The shoes coordinated to the color of the garments. Which allows the garments to stand out and the shoes blend in with the overall look of each of the designs.
- What is the look of the set design/catwalk and how do you feel it serves the garments?
The only two colors in the design of the catwalk was white and gold. It served its purpose by creating an environment that was rich but pure. Especially with the gold tree besides the runway. Which made the entire show feel angelic like it was a whole another world.
- What do you think of the fashion show’s lighting, floor, and music?
The floor was a type that had gold in the grout. Again providing a richness feel. The lighting add a brightness to it that was both comfortable and allow focused the attention on the fashion show. Which I thought was a good choice. It could have easily made the place feel to sterile. The music was a mixture of styles that had a hint of traditional Chinese. In my opinion, it was nice because it was giving acknowledgement of the designer. I felt like there was a bit of her in the mix while still appealing to the audience.

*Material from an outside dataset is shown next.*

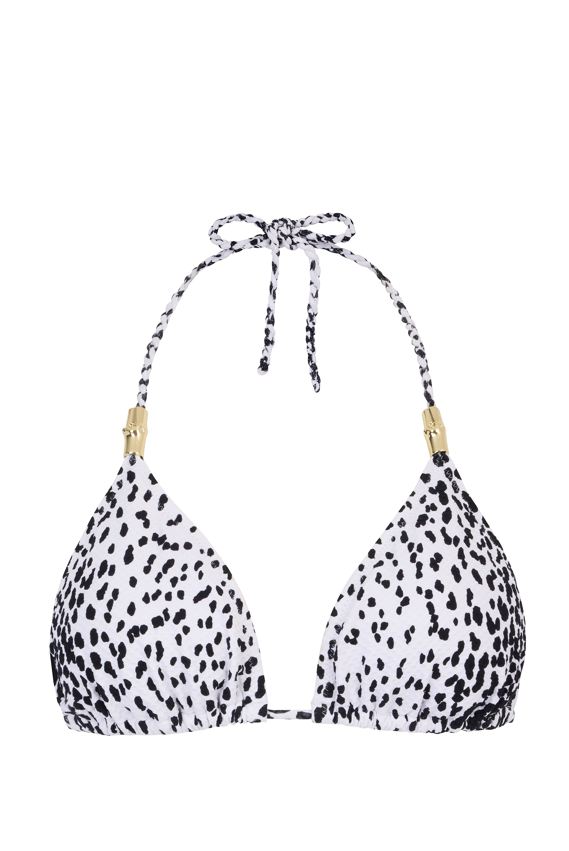 Our Icaria triangle top is our classic bikini shape offering the perfect amount of coverage and a little more support. This style features removable padding, adjustable rope necktie, embellished with bespoke gold bamboo hardware.

- What do you think is the theme of Guo Pei’s collection? You must research for this answer, also.
I think the theme of it was celebrating the cultures of China and Paris. According to her, this was the first show she has ever done for Paris and it was an honor for her since she was in the fashion business for over thirty years and she basically wanted to pay homage to that.
- What is her philosophical statement? You must research.
To her, it’s very important to translate the language of her fashion over to the people from other countries such as France. Which is what her collection successfully conveys. It shows the traditions and luxuries of her home country and also embraces the high fashion and glamour of Paris.
"Guo Pei fashion show - Haute Couture Spring/Summer 2016 (with interviews)." Guo Pei fashion show - Haute Couture Spring/Summer 2016 (with interviews). N.p., 28 Jan. 2016. Web. 19 May 2017.